Gli argomenti usati da Pd, M5S, Avs e dal sindacato dei magistrati per contrastare la riforma Nordio sono in realtà armi spuntate. Solo un ingenuo, o chi è in perfetta malafede, può vedere nella separazione delle carriere un attentato alla democrazia. Essa, al contrario, riporta la democrazia all’interno della magistratura e del Csm, che viene sdoppiato perché all’attuale, che conserva le sue funzioni meno una, si affiancherebbe infatti una Commissione disciplinare. Il percorso parlamentare è ancora lungo e accidentato, appare perciò prematura tanto l’esultanza dei sostenitori quanto la bellicosità dei contrari. In teoria ci sarebbe spazio temporale perché, deposte le armi, la politica ritrovi il confronto ispirato al buon senso, una merce sempre più rara di questi tempi.

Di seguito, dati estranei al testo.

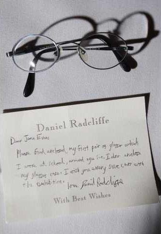 The 18-year-old Radcliffe, whose mother is Jewish, sent the oval, gray metal-framed pair of glasses he wore as a 6-year-old.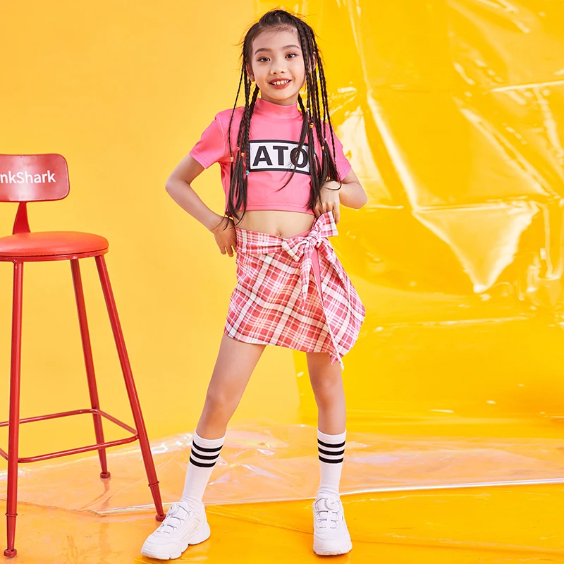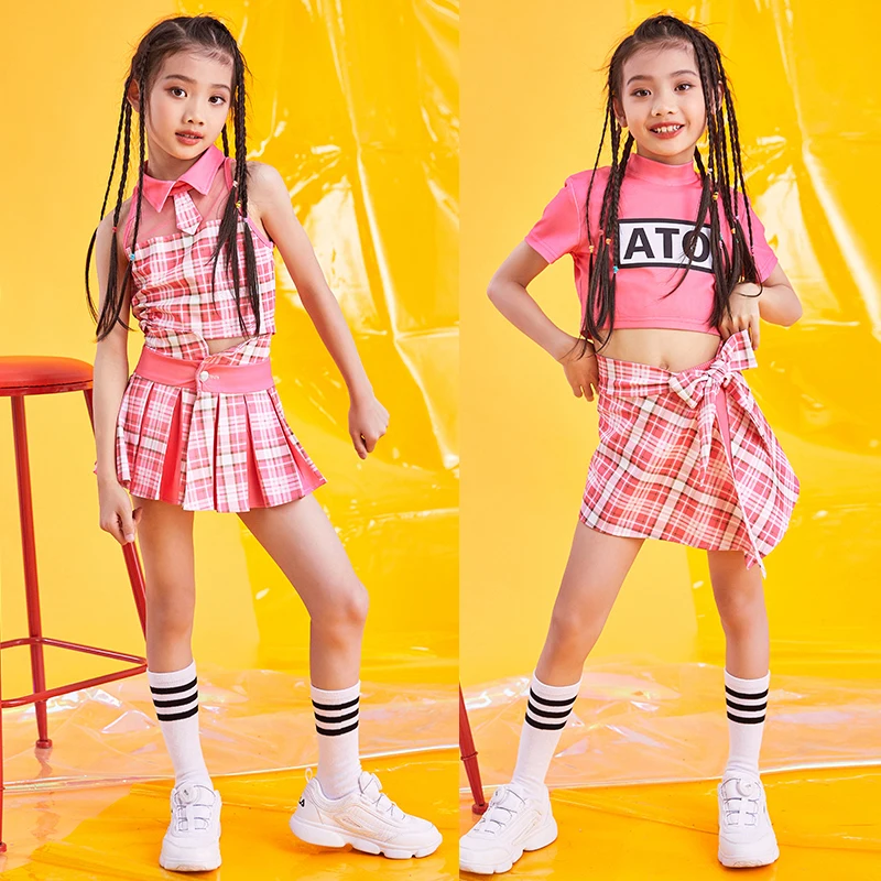 Jazz Stage Costumes Girls Pink Tops Skirts Cheerleader Costume Kids Hip Hop Performance Clothing Mo

Alcune considerazioni si impongono sul contesto della riforma Nordio, altre se ne faranno sul testo. La sinistra, tarantolata dal populismo, si è accorta, per esempio, che la separazione delle carriere è stata fatta da una maggioranza per buoni due terzi fatta da incalliti giustizialisti e garantisti, come tutti, se la giustizia chiama in causa qualcuno di loro?

L’opposizione, e il Pd in particolare, come ricorda Claudio Cerasa, ha memoria della mozione congressuale presentata al congresso da Maurizio Martina, ex segretario, per sottolineare l’opportunità della separazione delle carriere? È obiettivo, più volte richiamato come decisivo per la democrazia dall’ex sindaco di Milano, il penalista Giuliano Pisapia, in passato deputato di Rifondazione comunista?

La realtà della riforma Nordio, che sarebbe interesse di ogni italiano, colpevole o innocente, vedere approvata senza ricorso al referendum, è che rappresenta il primo serio tentativo di uscire dal pozzo di veleni di Tangentopoli, e dalla commistione politica-magistratura che tanti guasti ha provocato all’una e all’altra. Si tratta pur sempre di un risanamento dal lato della giurisdizione, mancando quello, cruciale sotto ogni aspetto, della politica.

La sinistra, tuttora rattrappita in difesa e allarmata da minacce che lei solo vede, avrebbe l’occasione con la riforma Nordio di mettersi alle spalle, una volta per sempre, la più infausta delle sue stagioni, pacificare se stessa e ritrovare sintonia con la parte migliore dell’Italia. Non lo farà, e per questo avrà la gratitudine di Giorgia Meloni e della maggioranza che potranno così intestarsi un traguardo di civiltà giuridica.